Dans ces situations là, on dit souvent : c’est parole contre parole. La parole de l’accusé : « je ne l’ai pas touchée » contre la parole de la victime : « il m’a violée ». Le propos ici est plus subtil, plus ambigu. La matérialité des faits n’est contestée ni par l’accusé ni par la victime : il y a bien eu relation sexuelle. La question est celle du consentement. Mila était-elle consentante ? Elle clame que non. Brillamment défendu par son avocat (Benjamin Lavernhe), Alexandre se défend en disant qu’il était persuadé du contraire, que rien dans le comportement de Mila n’indiquait qu’elle ne le fût pas, qu’elle l’a suivi de son propre gré, qu’aucune violence n’a été exercée sur elle, qu’à aucun moment elle n’a, en parole ou en action, exprimé son refus, que son silence et sa gêne pouvaient légitimement être mis sur le compte de son jeune âge et de son inexpérience.

L’interprétation des faits est tellement subjective, leurs perceptions par l’accusé et par la victime, aussi contradictoires soient-elles, sont si légitimes l’une que l’autre, qu’on regrette presque que le film ne se termine pas à l’issue des plaidoiries, laissant le spectateur imaginer le sens du verdict.
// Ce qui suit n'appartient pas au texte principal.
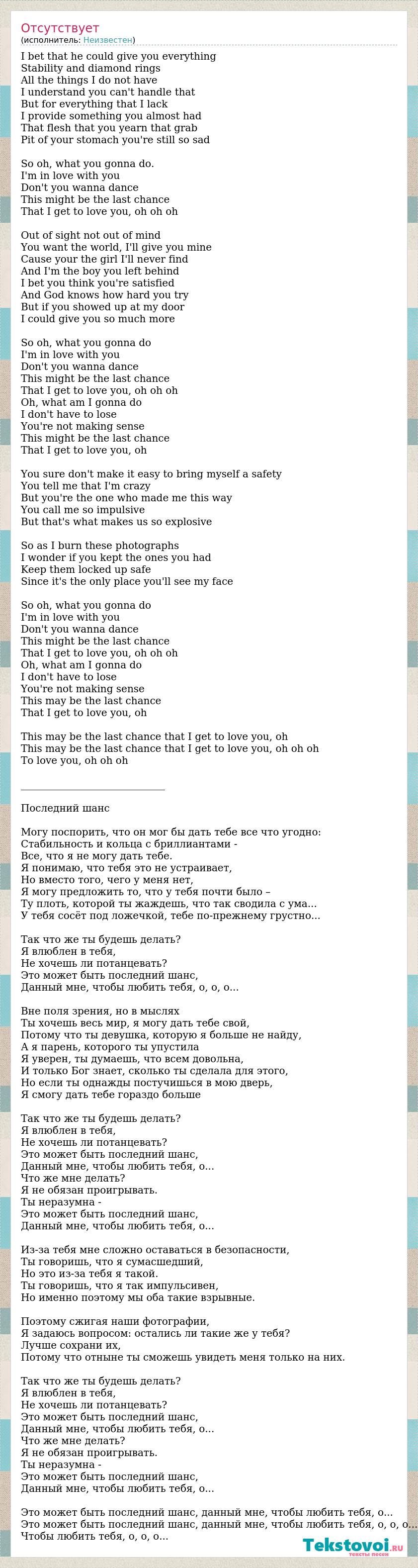 I bet that he could give you everything Stability and diamond rings All the things I do not have I understand you can't handle that But for everything that I lack I provide something you almost had That flesh that you yearn that grab Pit of your stomach you're still so sad So oh, what you gonna do. I'm in love with you Don't you wanna dance This might be the last chance That I get to love you, oh oh oh Out of sight not out of mind You want the world, I'll give you mine Cause your the girl I'll never find And I'm the boy you left behind I bet you think you're satisfied And God knows how hard you try But if you showed up at my door I could give you so much more So oh, what you gonna do I'm in love with you Don't you wanna dance This might be the last chance That I get to love you, oh oh oh Oh, what am I gonna do I don't have to lose You're not making sense This might be the last chance That I get to love you, oh You sure don't make it easy to bring myself a safety You tell me that I'm crazy But you're the one who made me this way You call me so impulsive But that's what makes us so explosive So as I burn these photographs I wonder if you kept the ones you had Keep them locked up safe Since it's the only place you'll see my face So oh, what you gonna do I'm in love with you Don't you wanna dance This might be the last chance That I get to love you, oh oh oh Oh, what am I gonna do I don't have to lose You're not making sense This may be the last chance That I get to love you, oh This may be the last chance that I get to love you, oh This may be the last chance that I get to love you, oh oh oh To love you, oh oh oh _____________________________ Последний шанс Могу поспорить, что он мог бы дать тебе все что угодно: Стабильность и кольца с бриллиантами - Все, что я не могу дать тебе. Я понимаю, что тебя это не устраивает, Но вместо того, чего у меня нет, Я могу предложить то, что у тебя почти было – Ту плоть, которой ты жаждешь, что так сводила с ума... У тебя сосёт под ложечкой, тебе по-прежнему грустно... Так что же ты будешь делать? Я влюблен в тебя, Не хочешь ли потанцевать? Это может быть последний шанс, Данный мне, чтобы любить тебя, о, о, о... Вне поля зрения, но в мыслях Ты хочешь весь мир, я могу дать тебе свой, Потому что ты девушка, которую я больше не найду, А я парень, которого ты упустила Я уверен, ты думаешь, что всем довольна, И только Бог знает, сколько ты сделала для этого, Но если ты однажды постучишься в мою дверь, Я смогу дать тебе гораздо больше Так что же ты будешь делать? Я влюблен в тебя, Не хочешь ли потанцевать? Это может быть последний шанс, Данный мне, чтобы любить тебя, о... Что же мне делать? Я не обязан проигрывать. Ты неразумна - Это может быть последний шанс, Данный мне, чтобы любить тебя, о... Из-за тебя мне сложно оставаться в безопасности, Ты говоришь, что я сумасшедший, Но это из-за тебя я такой. Ты говоришь, что я так импульсивен, Но именно поэтому мы оба такие взрывные. Поэтому сжигая наши фотографии, Я задаюсь вопросом: остались ли такие же у тебя? Лучше сохрани их, Потому что отныне ты сможешь увидеть меня только на них. Так что же ты будешь делать? Я влюблен в тебя, Не хочешь ли потанцевать? Это может быть последний шанс, Данный мне, чтобы любить тебя, о... Что же мне делать? Я не обязан проигрывать. Ты неразумна - Это может быть последний шанс, Данный мне, чтобы любить тебя, о... Это может быть последний шанс, данный мне, чтобы любить тебя, о... Это может быть последний шанс, данный мне, чтобы любить тебя, о, о, о... Чтобы любить тебя, о, о, о...
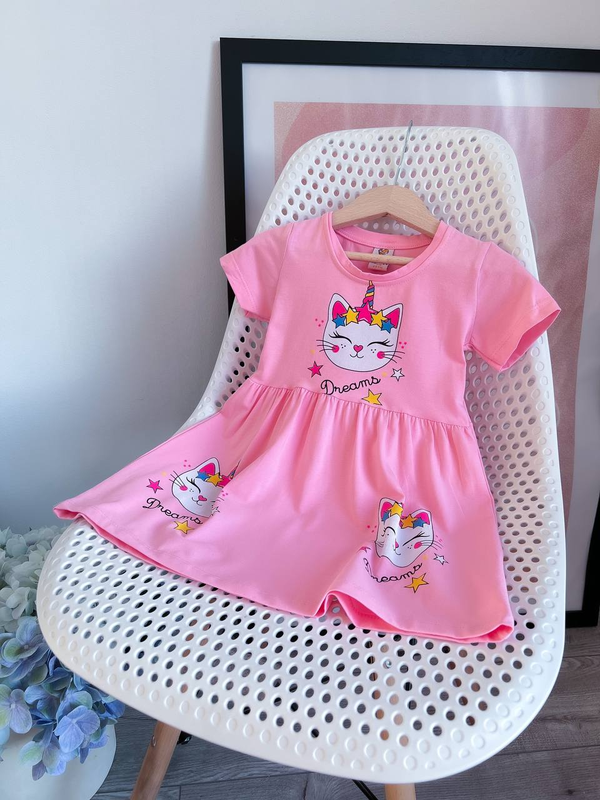Платье для девочки - Производитель Турция - Модель Милая киса - Размеры 3-4 года длина 50 см полуобхват груди 23 см 4-5 года длина 51 см полуобхват груди 24 см 5-6 лет длина 53 см полуобхват груди 26 см 6-7 лет длина 55 см полуобхват груди 27 см 7-8 лет длина 57 см полуобхват груди 28 см

Un spectateur, une spectatrice qui se sent interpellé.e dans ce qu’il a de plus intime : sa sexualité et la part d’ombre qu’elle recèle – ou pas.

Tout est résumé dans trois mots que Mila affirme avoir entendus et qu’Alexandre ne nie pas avoir prononcés : « Suce-moi, salope ! ». L’injonction, choquante, crue, intolérable, est-elle l’expression d’un machisme démodé, d’un patriarcat séculaire, conscient ou inconscient, qui trouve sa jouissance dans la domination et l’humiliation des femmes ? Ou est-il légitime entre deux adultes consentants qui vivent librement leur sexualité et leurs fantasmes ? Ceux et celles qui s’en offusquent sont-ils des hypocrites, des culs-serrés ou des chiennes de garde ? Ceux qui ne s’en offusquent pas sont-ils des pervers qui s’ignorent ou des traîtresses à leurs sœurs ?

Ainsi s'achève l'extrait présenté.